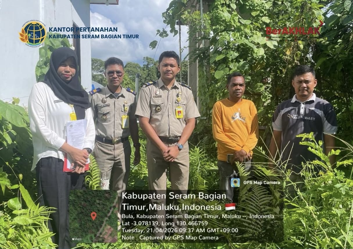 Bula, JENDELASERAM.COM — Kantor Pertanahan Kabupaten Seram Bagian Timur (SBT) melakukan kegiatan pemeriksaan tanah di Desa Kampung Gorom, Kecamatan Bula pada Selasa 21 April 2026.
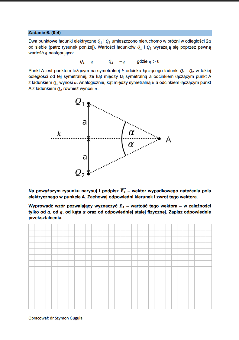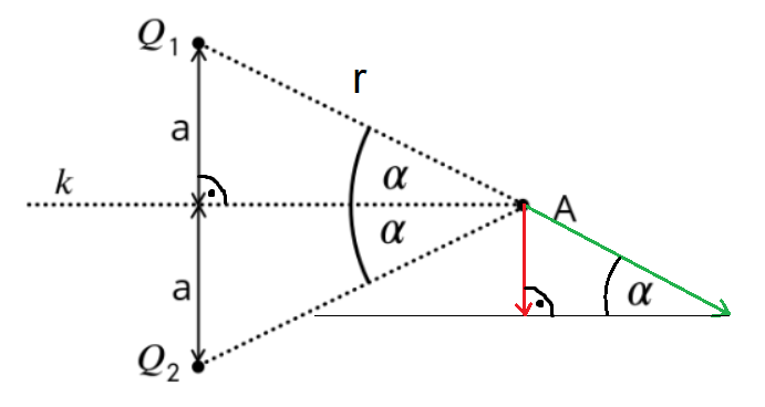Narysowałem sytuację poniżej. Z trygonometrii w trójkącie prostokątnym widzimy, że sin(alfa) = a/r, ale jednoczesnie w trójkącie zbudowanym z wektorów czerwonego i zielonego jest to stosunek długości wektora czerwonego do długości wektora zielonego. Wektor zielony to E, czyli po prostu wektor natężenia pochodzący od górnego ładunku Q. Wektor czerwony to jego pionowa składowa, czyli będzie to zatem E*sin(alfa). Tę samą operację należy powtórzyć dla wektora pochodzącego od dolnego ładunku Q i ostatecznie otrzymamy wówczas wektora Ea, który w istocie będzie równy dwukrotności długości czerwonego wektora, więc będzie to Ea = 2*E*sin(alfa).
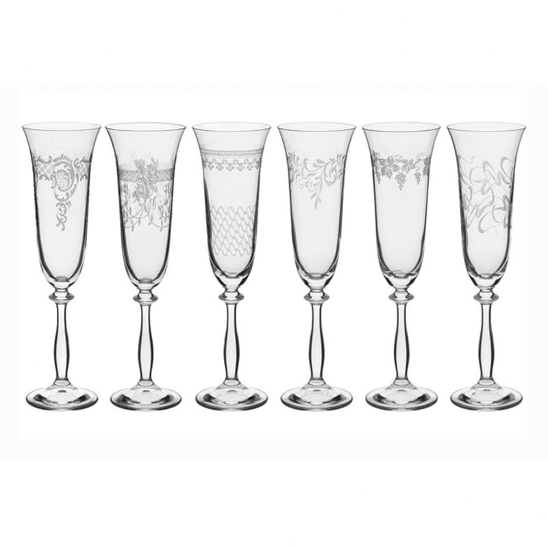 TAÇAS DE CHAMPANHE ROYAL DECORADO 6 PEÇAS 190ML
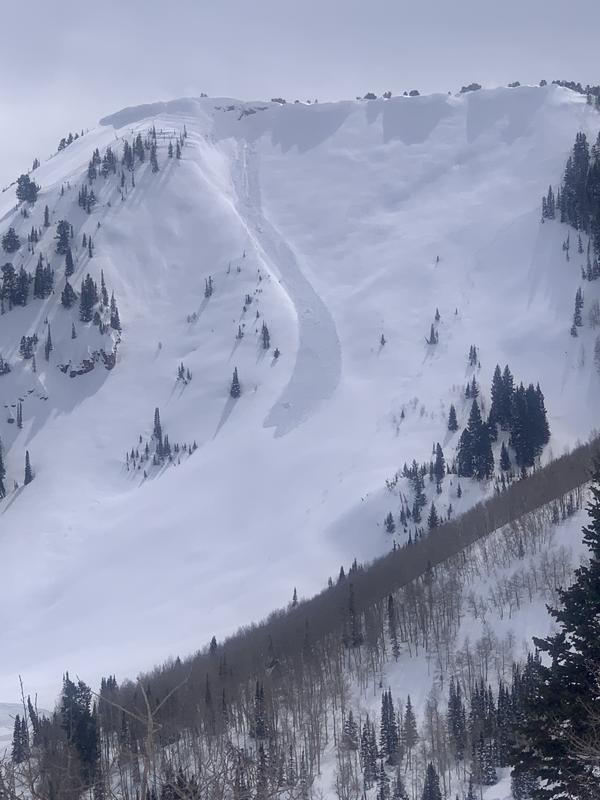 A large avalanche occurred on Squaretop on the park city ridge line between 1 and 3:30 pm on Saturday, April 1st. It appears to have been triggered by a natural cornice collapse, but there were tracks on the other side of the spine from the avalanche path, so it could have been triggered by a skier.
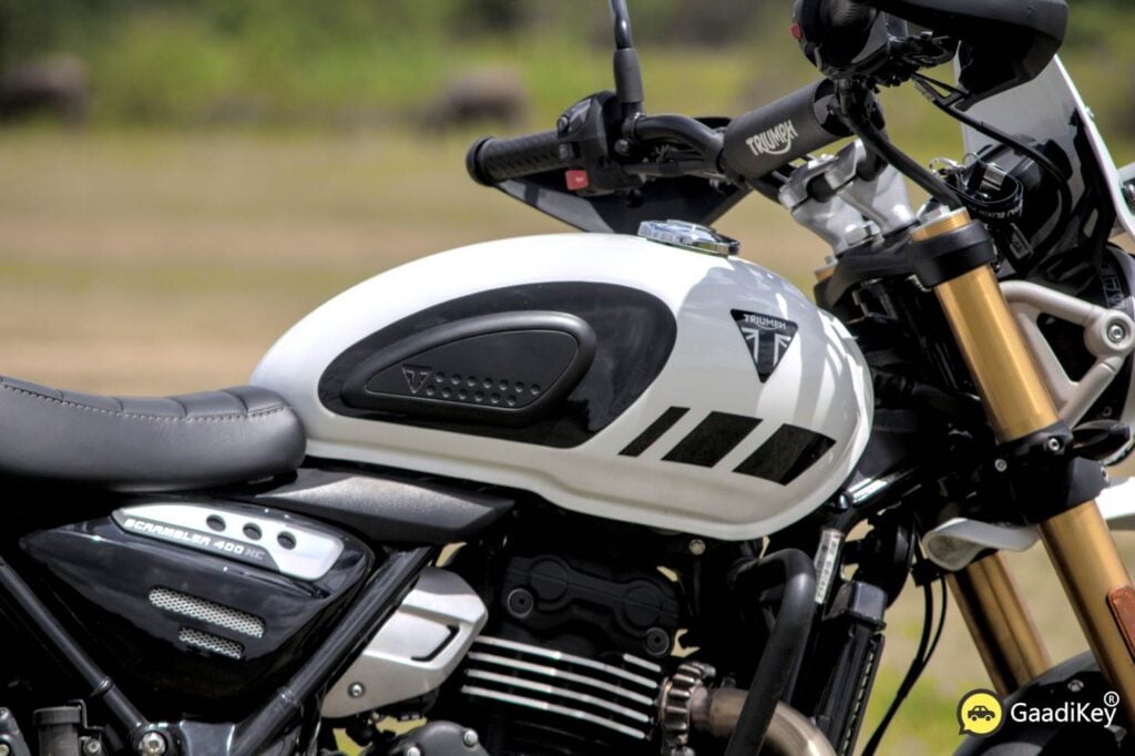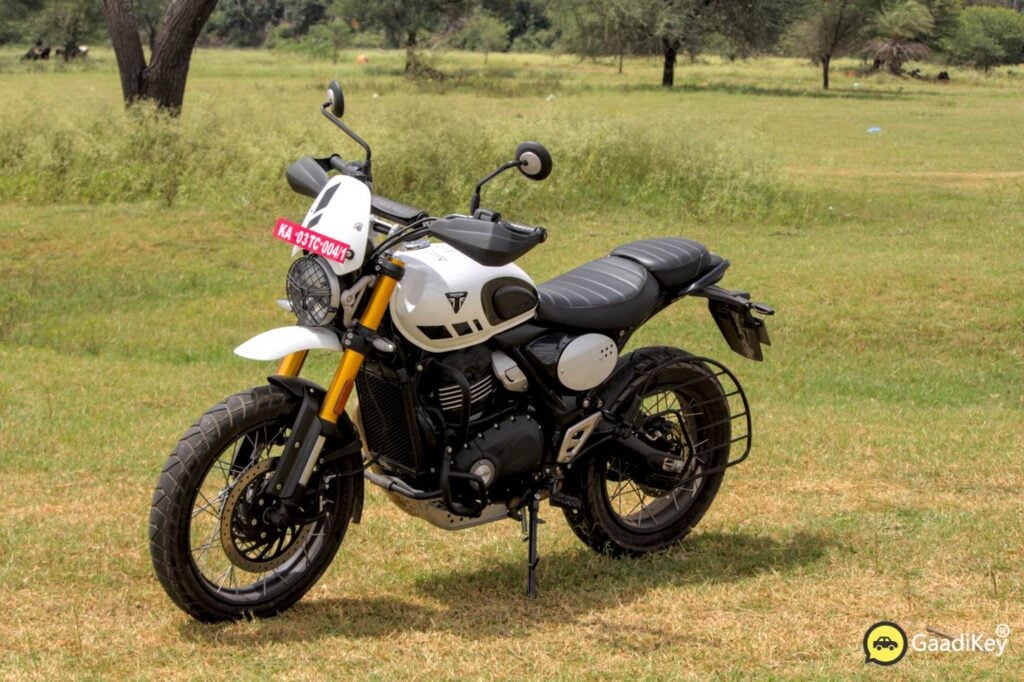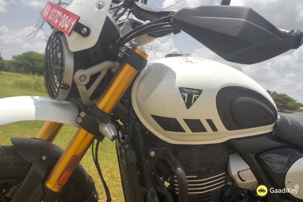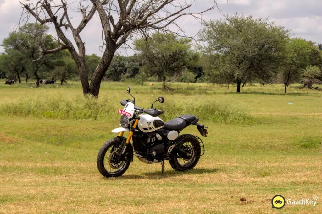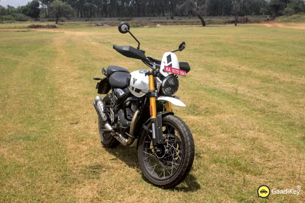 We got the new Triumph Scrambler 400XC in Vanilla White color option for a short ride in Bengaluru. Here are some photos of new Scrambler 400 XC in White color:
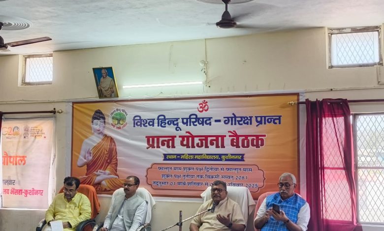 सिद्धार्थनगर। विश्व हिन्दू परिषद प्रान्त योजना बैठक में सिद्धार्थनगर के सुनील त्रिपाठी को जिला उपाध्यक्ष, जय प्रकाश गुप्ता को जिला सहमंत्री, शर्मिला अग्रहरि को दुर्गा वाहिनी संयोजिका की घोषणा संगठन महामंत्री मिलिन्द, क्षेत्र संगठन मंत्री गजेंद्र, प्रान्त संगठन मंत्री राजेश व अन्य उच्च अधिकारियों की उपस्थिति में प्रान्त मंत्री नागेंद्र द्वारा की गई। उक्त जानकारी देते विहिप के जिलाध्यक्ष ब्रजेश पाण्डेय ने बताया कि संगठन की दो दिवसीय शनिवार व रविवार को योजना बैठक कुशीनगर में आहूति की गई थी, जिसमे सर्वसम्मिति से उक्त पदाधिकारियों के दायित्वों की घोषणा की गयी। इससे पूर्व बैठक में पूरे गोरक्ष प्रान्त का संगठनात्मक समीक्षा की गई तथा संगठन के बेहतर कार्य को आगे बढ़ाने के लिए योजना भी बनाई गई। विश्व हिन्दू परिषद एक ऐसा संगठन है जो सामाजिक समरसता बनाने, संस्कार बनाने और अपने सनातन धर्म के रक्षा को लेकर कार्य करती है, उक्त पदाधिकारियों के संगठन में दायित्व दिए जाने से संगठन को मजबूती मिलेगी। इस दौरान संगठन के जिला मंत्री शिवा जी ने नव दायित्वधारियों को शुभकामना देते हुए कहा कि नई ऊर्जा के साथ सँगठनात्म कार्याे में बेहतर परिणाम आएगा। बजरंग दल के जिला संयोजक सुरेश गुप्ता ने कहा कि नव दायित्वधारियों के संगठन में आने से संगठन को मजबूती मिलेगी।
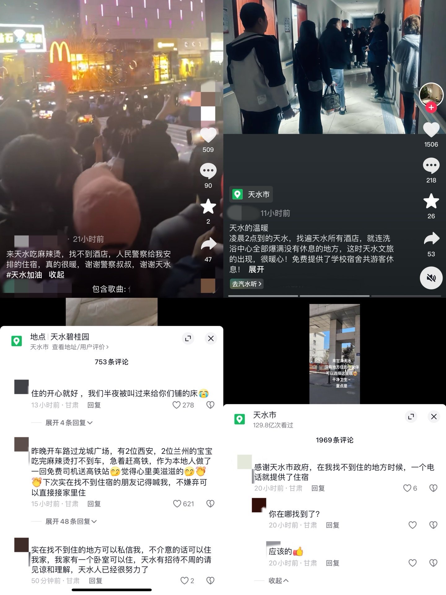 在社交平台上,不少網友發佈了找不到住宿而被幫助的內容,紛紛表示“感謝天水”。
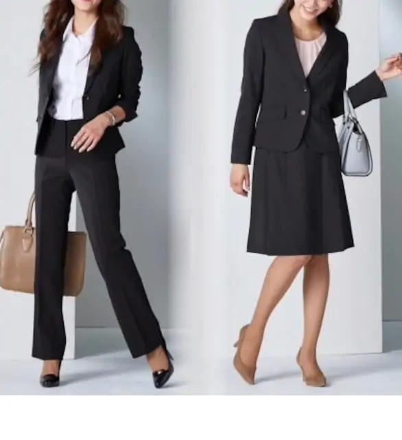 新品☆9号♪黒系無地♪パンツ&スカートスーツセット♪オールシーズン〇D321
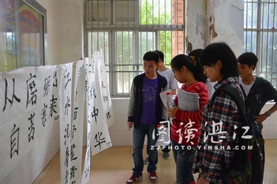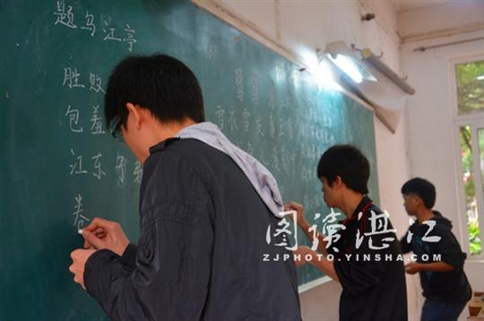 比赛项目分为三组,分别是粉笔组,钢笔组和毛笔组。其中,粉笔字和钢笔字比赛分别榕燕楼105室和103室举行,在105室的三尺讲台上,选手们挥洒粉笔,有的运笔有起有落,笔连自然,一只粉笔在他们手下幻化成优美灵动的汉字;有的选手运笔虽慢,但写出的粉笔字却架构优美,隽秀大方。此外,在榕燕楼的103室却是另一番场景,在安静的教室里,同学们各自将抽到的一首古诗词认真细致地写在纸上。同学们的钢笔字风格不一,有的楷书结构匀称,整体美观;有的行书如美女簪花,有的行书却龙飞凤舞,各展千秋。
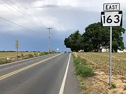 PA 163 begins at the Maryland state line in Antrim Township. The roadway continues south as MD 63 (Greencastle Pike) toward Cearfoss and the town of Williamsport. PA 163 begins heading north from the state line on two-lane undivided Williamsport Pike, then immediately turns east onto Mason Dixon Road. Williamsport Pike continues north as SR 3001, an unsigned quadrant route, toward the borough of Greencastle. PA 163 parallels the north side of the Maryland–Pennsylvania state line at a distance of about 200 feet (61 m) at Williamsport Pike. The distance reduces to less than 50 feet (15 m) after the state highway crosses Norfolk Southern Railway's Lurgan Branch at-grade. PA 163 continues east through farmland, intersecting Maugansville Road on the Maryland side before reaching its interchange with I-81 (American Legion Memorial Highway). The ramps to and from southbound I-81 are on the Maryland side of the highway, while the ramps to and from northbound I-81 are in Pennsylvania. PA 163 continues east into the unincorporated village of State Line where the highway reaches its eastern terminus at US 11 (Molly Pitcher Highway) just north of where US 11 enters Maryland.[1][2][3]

━━━━━━━━━━

#### [EXERCISE OBJECTIVE]
Pictures are to be dropped, and the remaining data set down exactly.

#### [RESPONSE TO THIS TASK]
 Bula, JENDELASERAM.COM — Kantor Pertanahan Kabupaten Seram Bagian Timur (SBT) melakukan kegiatan pemeriksaan tanah di Desa Kampung Gorom, Kecamatan Bula pada Selasa 21 April 2026.
Narysowałem sytuację poniżej. Z trygonometrii w trójkącie prostokątnym widzimy, że sin(alfa) = a/r, ale jednoczesnie w trójkącie zbudowanym z wektorów czerwonego i zielonego jest to stosunek długości wektora czerwonego do długości wektora zielonego. Wektor zielony to E, czyli po prostu wektor natężenia pochodzący od górnego ładunku Q. Wektor czerwony to jego pionowa składowa, czyli będzie to zatem E*sin(alfa). Tę samą operację należy powtórzyć dla wektora pochodzącego od dolnego ładunku Q i ostatecznie otrzymamy wówczas wektora Ea, który w istocie będzie równy dwukrotności długości czerwonego wektora, więc będzie to Ea = 2*E*sin(alfa).
 TAÇAS DE CHAMPANHE ROYAL DECORADO 6 PEÇAS 190ML
 A large avalanche occurred on Squaretop on the park city ridge line between 1 and 3:30 pm on Saturday, April 1st. It appears to have been triggered by a natural cornice collapse, but there were tracks on the other side of the spine from the avalanche path, so it could have been triggered by a skier.
 We got the new Triumph Scrambler 400XC in Vanilla White color option for a short ride in Bengaluru. Here are some photos of new Scrambler 400 XC in White color:
 सिद्धार्थनगर। विश्व हिन्दू परिषद प्रान्त योजना बैठक में सिद्धार्थनगर के सुनील त्रिपाठी को जिला उपाध्यक्ष, जय प्रकाश गुप्ता को जिला सहमंत्री, शर्मिला अग्रहरि को दुर्गा वाहिनी संयोजिका की घोषणा संगठन महामंत्री मिलिन्द, क्षेत्र संगठन मंत्री गजेंद्र, प्रान्त संगठन मंत्री राजेश व अन्य उच्च अधिकारियों की उपस्थिति में प्रान्त मंत्री नागेंद्र द्वारा की गई। उक्त जानकारी देते विहिप के जिलाध्यक्ष ब्रजेश पाण्डेय ने बताया कि संगठन की दो दिवसीय शनिवार व रविवार को योजना बैठक कुशीनगर में आहूति की गई थी, जिसमे सर्वसम्मिति से उक्त पदाधिकारियों के दायित्वों की घोषणा की गयी। इससे पूर्व बैठक में पूरे गोरक्ष प्रान्त का संगठनात्मक समीक्षा की गई तथा संगठन के बेहतर कार्य को आगे बढ़ाने के लिए योजना भी बनाई गई। विश्व हिन्दू परिषद एक ऐसा संगठन है जो सामाजिक समरसता बनाने, संस्कार बनाने और अपने सनातन धर्म के रक्षा को लेकर कार्य करती है, उक्त पदाधिकारियों के संगठन में दायित्व दिए जाने से संगठन को मजबूती मिलेगी। इस दौरान संगठन के जिला मंत्री शिवा जी ने नव दायित्वधारियों को शुभकामना देते हुए कहा कि नई ऊर्जा के साथ सँगठनात्म कार्याे में बेहतर परिणाम आएगा। बजरंग दल के जिला संयोजक सुरेश गुप्ता ने कहा कि नव दायित्वधारियों के संगठन में आने से संगठन को मजबूती मिलेगी।
 在社交平台上,不少網友發佈了找不到住宿而被幫助的內容,紛紛表示“感謝天水”。
 新品☆9号♪黒系無地♪パンツ&スカートスーツセット♪オールシーズン〇D321
 比赛项目分为三组,分别是粉笔组,钢笔组和毛笔组。其中,粉笔字和钢笔字比赛分别榕燕楼105室和103室举行,在105室的三尺讲台上,选手们挥洒粉笔,有的运笔有起有落,笔连自然,一只粉笔在他们手下幻化成优美灵动的汉字;有的选手运笔虽慢,但写出的粉笔字却架构优美,隽秀大方。此外,在榕燕楼的103室却是另一番场景,在安静的教室里,同学们各自将抽到的一首古诗词认真细致地写在纸上。同学们的钢笔字风格不一,有的楷书结构匀称,整体美观;有的行书如美女簪花,有的行书却龙飞凤舞,各展千秋。
 PA 163 begins at the Maryland state line in Antrim Township. The roadway continues south as MD 63 (Greencastle Pike) toward Cearfoss and the town of Williamsport. PA 163 begins heading north from the state line on two-lane undivided Williamsport Pike, then immediately turns east onto Mason Dixon Road. Williamsport Pike continues north as SR 3001, an unsigned quadrant route, toward the borough of Greencastle. PA 163 parallels the north side of the Maryland–Pennsylvania state line at a distance of about 200 feet (61 m) at Williamsport Pike. The distance reduces to less than 50 feet (15 m) after the state highway crosses Norfolk Southern Railway's Lurgan Branch at-grade. PA 163 continues east through farmland, intersecting Maugansville Road on the Maryland side before reaching its interchange with I-81 (American Legion Memorial Highway). The ramps to and from southbound I-81 are on the Maryland side of the highway, while the ramps to and from northbound I-81 are in Pennsylvania. PA 163 continues east into the unincorporated village of State Line where the highway reaches its eastern terminus at US 11 (Molly Pitcher Highway) just north of where US 11 enters Maryland.[1][2][3]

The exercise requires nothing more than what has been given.